Control measures during the epidemic were constrained by limitations in the availability of medical workers and equipment for spraying insecticide. However, public announcements using local radio, television, and newspapers provided information about the prevention of mosquito breeding. Reported by: E Colan, MD, J Escamilla, PhD, I Phillips, JT Need, PhD, Naval Medical Research Institute Detachment, US Navy, Lima, Peru. M Rodriguez, L Vasquez, MD, LJ Seminario, MD, Dept of Epidemiology, Ministry of Health of Peru, Lima, Peru. Dengue Br, Div of Vector-Borne Infectious Diseases, Center for Infectious Diseases; Global EIS Program, International Br, Div of Field Epidemiology, Epidemiology Program Office, CDC.

Editorial Note

Editorial Note: In the 1990 epidemic in Peru, although mosquito pools containing species other than Ae. aegypti yielded dengue virus, it is not possible to determine whether other species were actually involved in dengue transmission. Two possibilities exist: 1) one or two mosquitoes of the three other species had taken blood meals from viremic persons but were not involved directly in dengue transmission, or 2) body parts of infected Ae. aegypti mosquitoes were inadvertently mixed with the other three species during processing.

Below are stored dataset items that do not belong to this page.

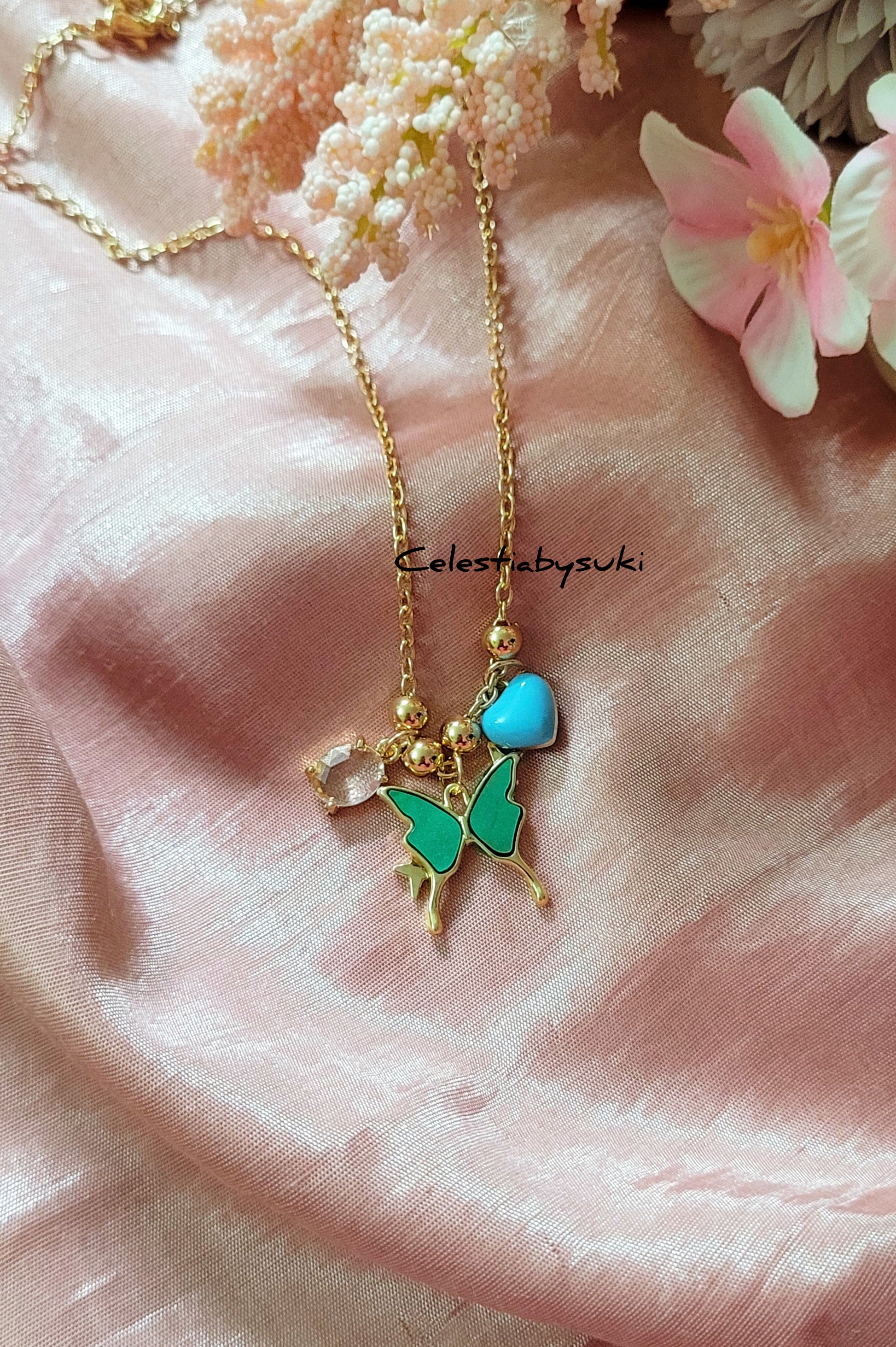 Add a touch of whimsy to your style with our Fluttering Heart Necklace. This charming piece features a graceful green butterfly, a bright turquoise heart, and a sparkling crystal charm – symbolizing love, freedom, and light. Crafted in anti-tarnish stainless steel with a golden finish, it’s a playful yet elegant accessory that pairs beautifully with any outfit. Perfect for dreamers and free spirits! 🦋💙✨
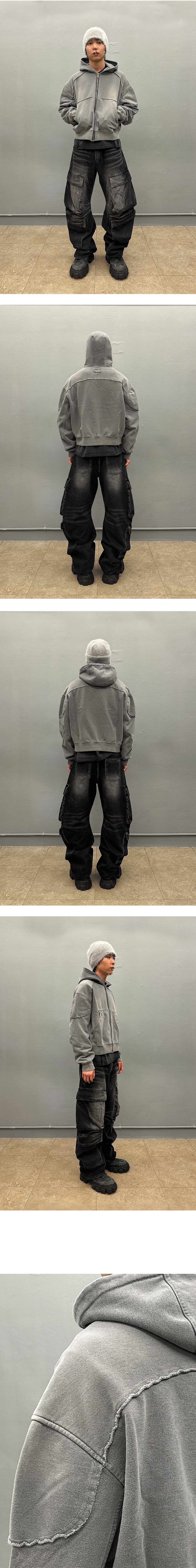 비엘알 블리치드 커브드 인시전 스웻 후디 집업 그레이
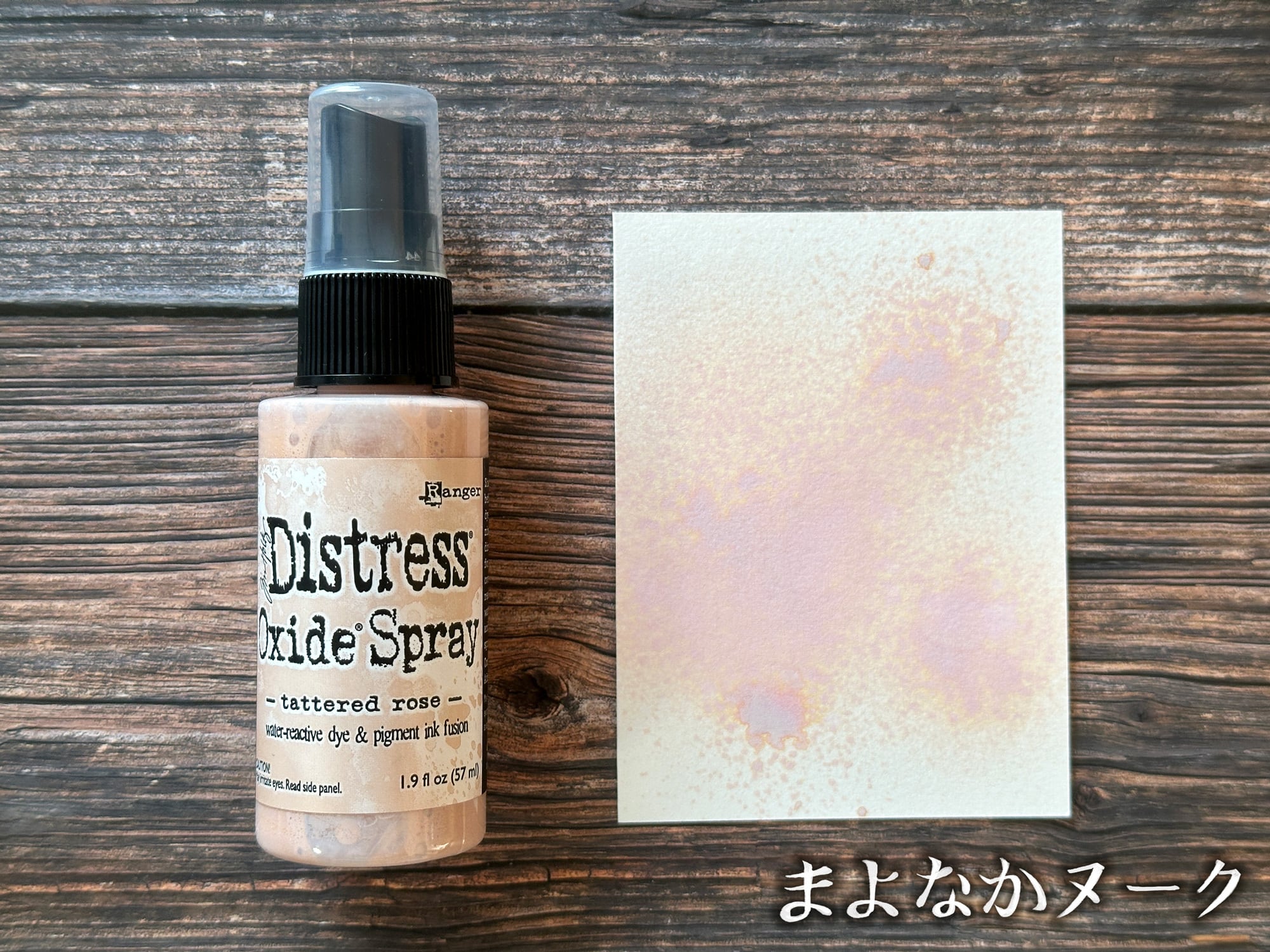 ディストレスオキサイドスプレーは、ディストレスオキサイドと同じ染料と顔料が混合された水性スプレーです。紙や木などの多孔質面に使用することができます。こちらの色は「Tattered Rose」です。

Ae. aegypti, the epidemic vector of dengue, was declared eradicated from Peru in 1958 (1). In October 1984, reinfestations were detected in Iquitos by MOH officials. In 1985, MOH officials reported a house index (i.e., the percentage of houses inspected that had larval Ae. aegypti) of 10%; by 1988, the index had increased to 26%. Serum specimens collected from a random sample of 1015 persons in coastal, mountain, and jungle areas of Peru during 1985-1987 were analyzed by the Evandro Chagas Institute in Belem, Brazil, for HI antibodies to DEN-1, DEN-2, DEN-3, and DEN-4 antigens. Of the 1015 persons tested, DEN-4 antibody was detected in two (0.2%); in both cases, antibody titers were low, and all samples were negative to the other three dengue serotypes (NAMRID, unpublished data).

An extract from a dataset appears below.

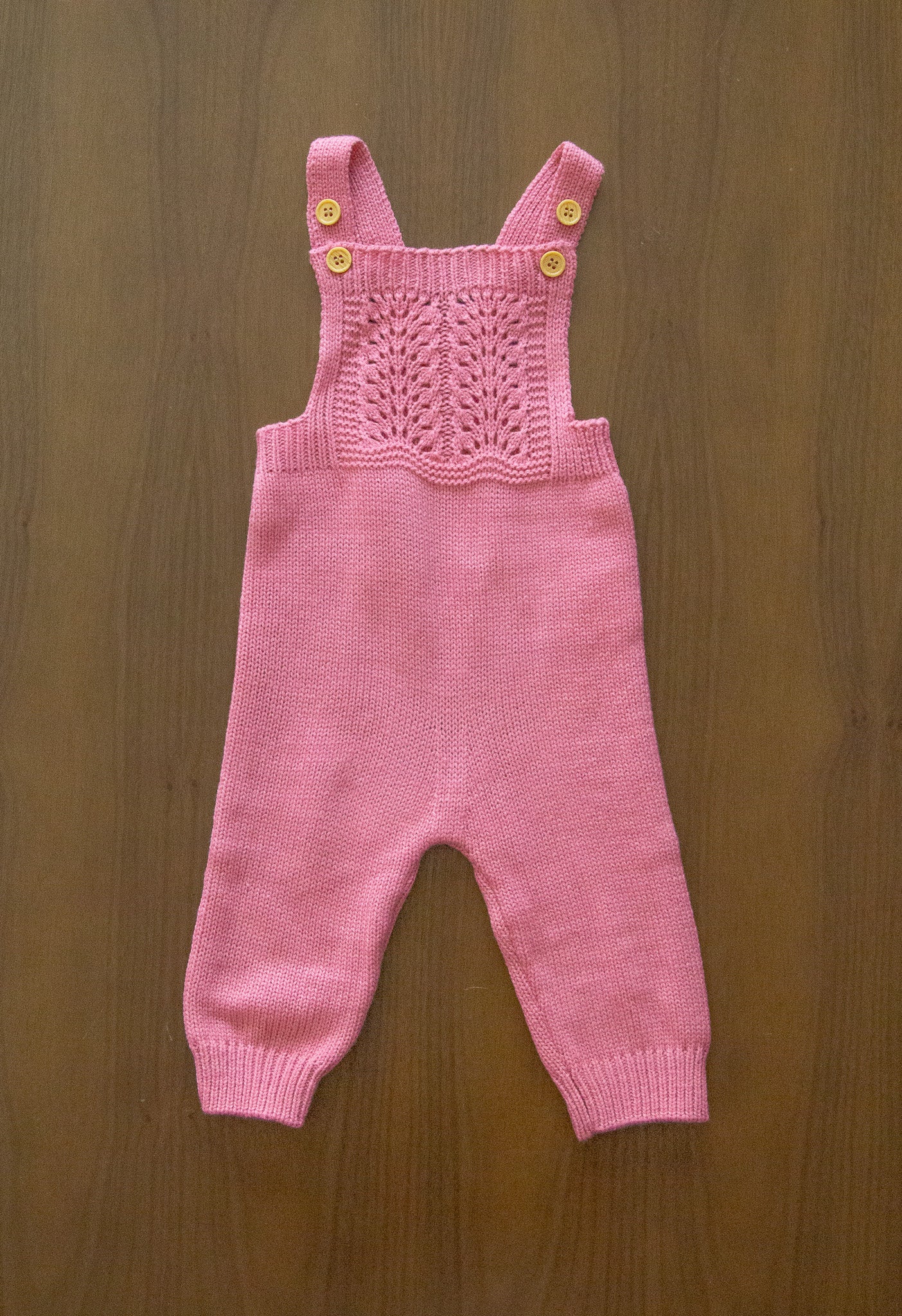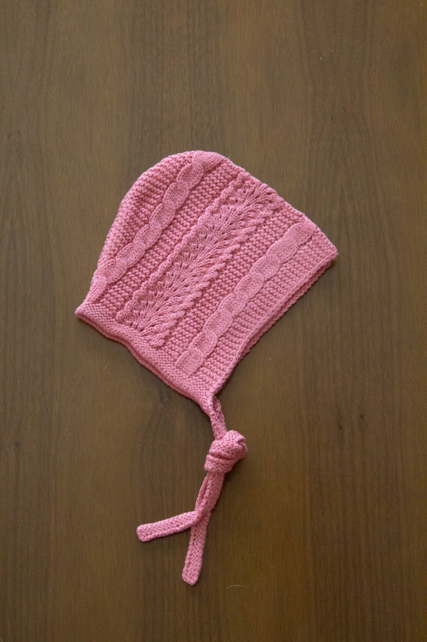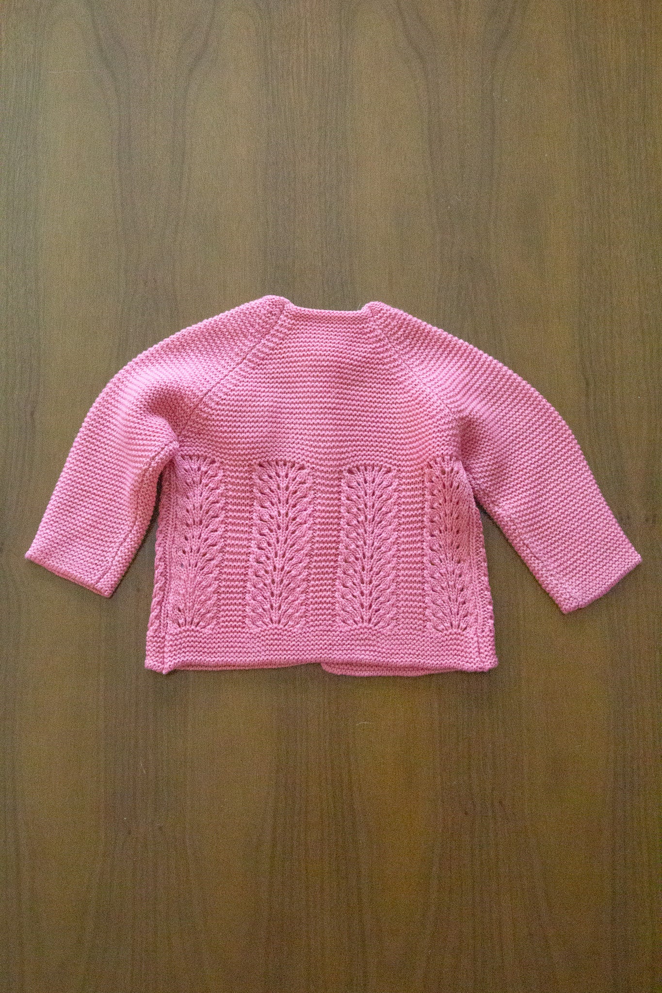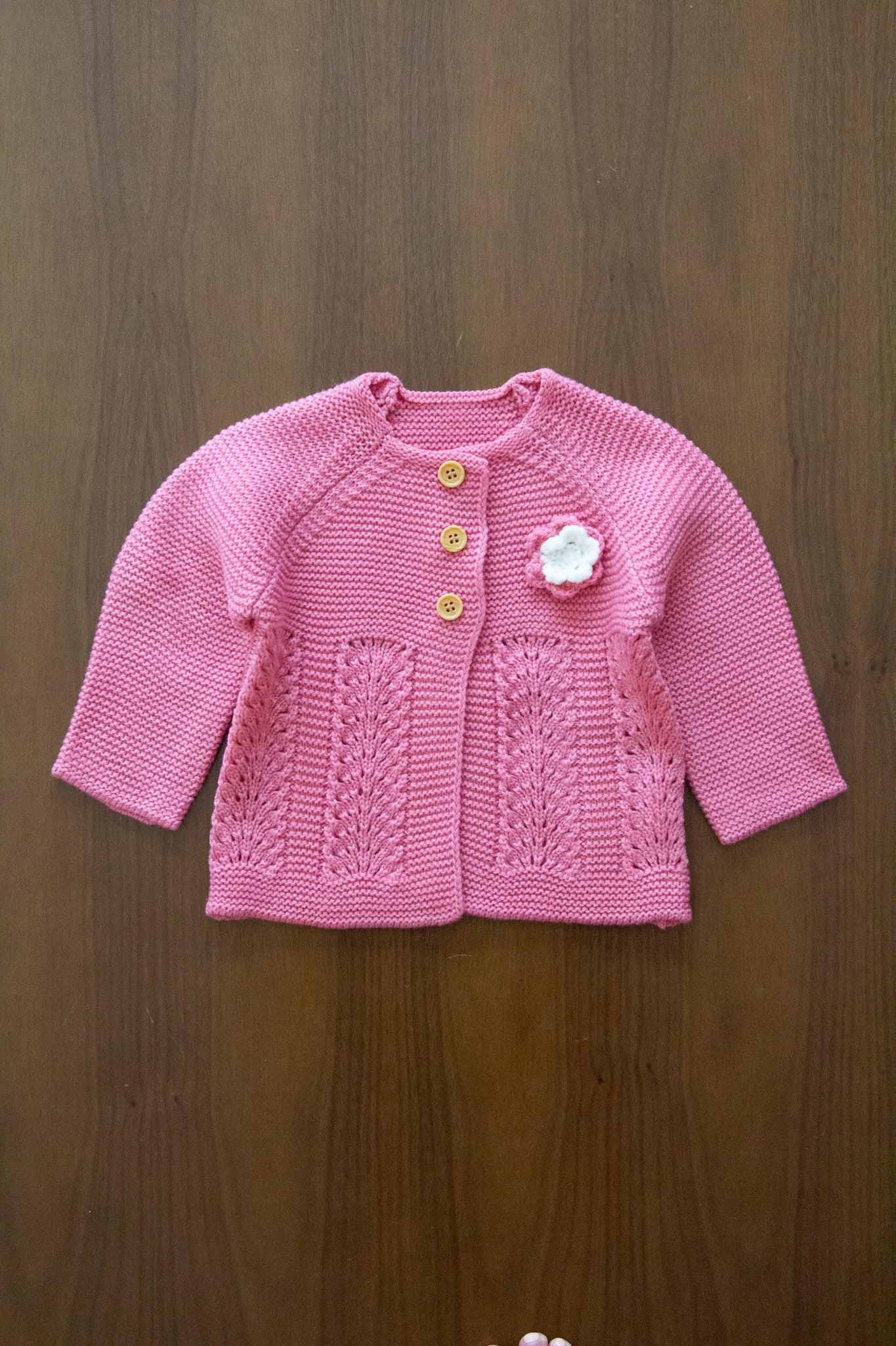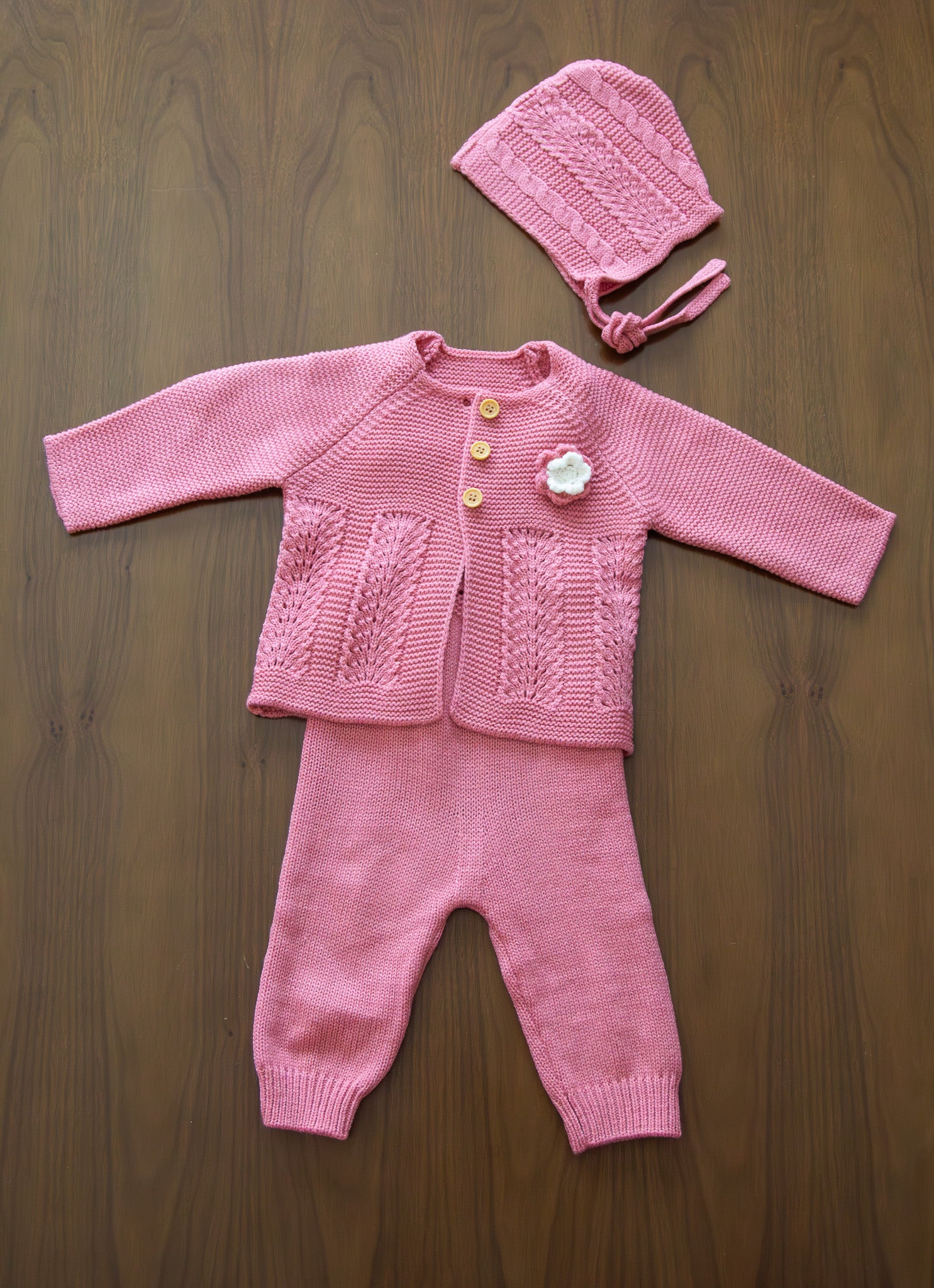 Conjunto de punto con cárdigan, peto y capota para niña

Dengue appears to be increasing in the Americas, particularly in South America (2,3). Although the outbreak in Peru began as one was concluding in Caracas, Venezuela (4), the origin of the outbreak in Peru has not been established. Iquitos is a thriving, commercially active city with daily river and air traffic from Brazil, Venezuela, and Colombia. Surveillance and control programs are needed to minimize morbidity and mortality from dengue epidemics.

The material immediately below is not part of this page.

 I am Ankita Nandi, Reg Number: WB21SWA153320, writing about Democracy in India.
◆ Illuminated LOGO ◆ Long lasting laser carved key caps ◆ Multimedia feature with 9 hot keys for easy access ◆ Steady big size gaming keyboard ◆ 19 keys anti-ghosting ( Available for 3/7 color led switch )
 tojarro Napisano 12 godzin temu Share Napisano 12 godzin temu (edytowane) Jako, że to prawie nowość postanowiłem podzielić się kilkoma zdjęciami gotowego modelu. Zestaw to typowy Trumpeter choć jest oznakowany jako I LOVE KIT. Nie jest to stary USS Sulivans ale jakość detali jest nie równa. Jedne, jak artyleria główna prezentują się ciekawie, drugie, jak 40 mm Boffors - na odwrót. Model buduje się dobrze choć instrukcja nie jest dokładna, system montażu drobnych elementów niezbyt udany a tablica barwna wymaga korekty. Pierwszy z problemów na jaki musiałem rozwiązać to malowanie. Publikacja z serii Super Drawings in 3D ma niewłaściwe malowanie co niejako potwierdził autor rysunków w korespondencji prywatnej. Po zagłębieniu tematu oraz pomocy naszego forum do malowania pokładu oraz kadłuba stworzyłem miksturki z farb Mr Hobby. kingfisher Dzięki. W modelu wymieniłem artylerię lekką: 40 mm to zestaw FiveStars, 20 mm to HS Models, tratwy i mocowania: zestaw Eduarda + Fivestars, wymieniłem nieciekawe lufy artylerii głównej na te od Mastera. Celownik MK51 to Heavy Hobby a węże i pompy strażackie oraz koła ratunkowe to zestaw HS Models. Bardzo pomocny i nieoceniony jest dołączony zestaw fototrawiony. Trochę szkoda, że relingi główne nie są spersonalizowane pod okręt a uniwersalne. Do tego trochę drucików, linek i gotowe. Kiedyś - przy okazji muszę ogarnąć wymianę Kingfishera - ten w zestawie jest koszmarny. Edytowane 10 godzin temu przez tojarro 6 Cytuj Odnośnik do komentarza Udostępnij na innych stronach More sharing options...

  1. Ministry of Health. Guidelines for the prevention and control of dengue. Lima, Peru: Ministry of Health, General Office for Epidemiology, 1990.

  2. CDC. Dengue and dengue hemorrhagic fever in the Americas, 1986. MMWR 1988;37:129-31.

  3. CDC. Dengue epidemic--Ecuador, 1988. MMWR 1989;38:419-21.

  4. Pan American Health Organization. DHF outbreaks in Venezuela. Epidemiol Bull 1990:1117-9.